The overhead of UDP here is pretty much negligible.

quickben · on Aug 1, 2016

The advantage is obvious for Google and the rest of us that run hobby search engines.

For example: https://tools.ietf.org/html/draft-tsvwg-quic-protocol-00

Section 4.3 "A QUIC receiver advertises the absolute byte offset within each stream upto which the receiver is willing to receive data." This is saving the crawler bandwidth by a ton. Limit stuff to 64k and skip all non text data upfront in a very clear cut fashion.

6.2.1.2 prevents hosts spamming you with data after your decided to stop receiving from them.

6.3.2 makes this system fire and forget on a 10m limit and then decide what to do with the host that did or didn't respond with data from the request.

10. Properly download everything from the website (actual priority stuff, central to she protocol, aren't even written, it's a to-do :).

All in all, great protocol to help whoever is running search engines.

For the rest, won't be the default (they seem to be aware of this in this in 11.5)

So trying to guess the future: push quic to Apache/nginx (because 11.5 bypass lots of deployment stuff too), hit websites once and determine who had latest code, cash in on bandwidth.

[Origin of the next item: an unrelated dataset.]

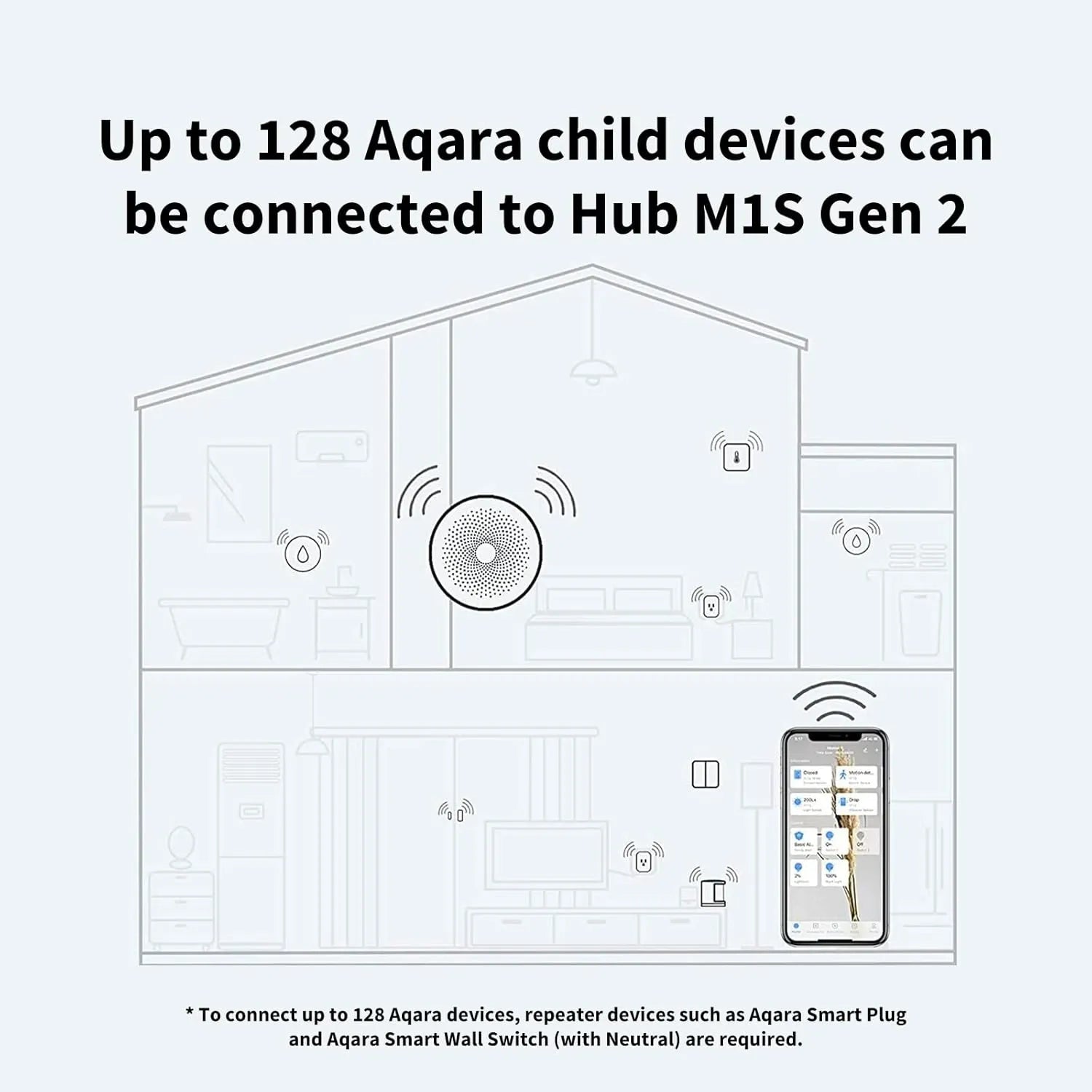 The Aqara HM1S-G02 is a powerful and versatile Zigbee 3.0 smart home M1S Gen2 hub designed to be the central controller for a wide range of Aqara sensors and devices. It features an integrated 2W speaker for alarm tones, chimes, and custom ringtones, alongside a 16-million-color RGB LED night light that doubles as a visual alert. With built-in Wi-Fi (2.4 GHz) connectivity, the M1S Gen2 supports up to 128 Aqara child devices and seamlessly integrates with major smart home ecosystems including Apple HomeKit, Amazon Alexa, Google Home, and IFTTT, enabling advanced automation and voice control. It enhances security with comprehensive alarm modes and provides robust local processing capabilities for reliable smart home operation.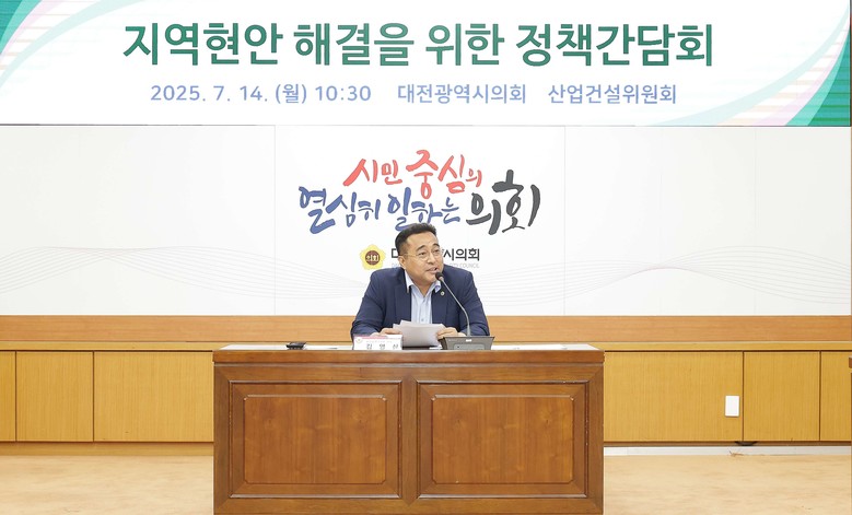 [대전 세계타임즈=이채봉 기자] 대전시의회 산업건설위원회는 김영삼 의원(국민의힘, 서구2) 주재로 14일 시의회 소통실에서 ‘지역 현안 해결을 위한 정책간담회’를 개최했다.

Not bad for a company start.

Do we need another protocol? Probably not. Will this see light of day? Probably yes since Google's money are pushing it.

pc2g4d · on Aug 1, 2016

As I read this post, QUIC has been introduced at least partly to solve the problem of head-of-line blocking. Head-of-line blocking in turn has become a problem since the adoption of HTTP/2, formerly known as SPDY, which is the protocol Google previously foisted upon the world. So the core protocols involved in the web are now the playthings of Google, and when Google screws up the answer is yet another new and shiny protocol with unknown sideeffects.

I know this misconstrues Google's role in all of this somewhat, but it's an interpretation that crossed my mind.

arpa · on Aug 2, 2016

And it does ring true.

nimrody · on Aug 1, 2016

Do mobile networks (cellular networks) these day commonly allow anything but TCP? (or even HTTP? Most firewalls block anything that is not HTTP/HTTPS)

otoburb · on Aug 1, 2016

Carrier firewall policies generally allow any outbound traffic. Some carriers in specific countries may have more restrictive policies for either regulatory or carrier-specific reasons, such as the United Arab Emirates Telecommunications Regulatory Authority mandating all VoIP services obtain licenses[1], resulting in specific blocks on VoIP traffic such as Skype, WhatsApp, Viber, etc.[2].

[1] https://www.tra.gov.ae/en/faq.aspx (check out the VOIP section)

[2] http://gulfbusiness.com/snapchat-voice-and-video-calling-blo...

anilgulecha · on Aug 1, 2016

Don't see why not -- many popular VoIP protocols run over UDP.

azylman · on Aug 1, 2016

Lots of video games (including mobile) use UDP so I'd be very surprised if mobile networks blocked UDP.

clarry · on Aug 3, 2016

In Finland, the big operators use CGN by default. So if it works, it only works as a one-way street and p2p or hosting your game at home is no-go.

At least one operator allows you to lift the restriction though. With money.

pookeh · on Aug 1, 2016

> The QUIC protocol implements its own crypto-layer so does not make use of the existing TLS 1.2.

So in addition to proving lower layer solution to things like network congestion they also have to prove their crypto layer? Sounds like an equally large task, if not larger.

And even if all TCP implementors decide to adopt the next task is to make servers and clients adopt the crypto layer.

z52 · on Aug 3, 2016

How about creating QUIC protocol tuneling tool (which would be needed on both sides of connection) - for example for tuneling mysql tcp traffic between client and server in configurations where those are on diffrent networks? (pings >1ms)

meganvito · on Aug 1, 2016

I think before googlers stopping add dramas to our daily drop sorry typo, job. Maybe I kindaly sort of suggest them dedup the www and provide web-wise random file access.

anonbanker · on Aug 1, 2016

How long until this becomes a transport over BATMAN?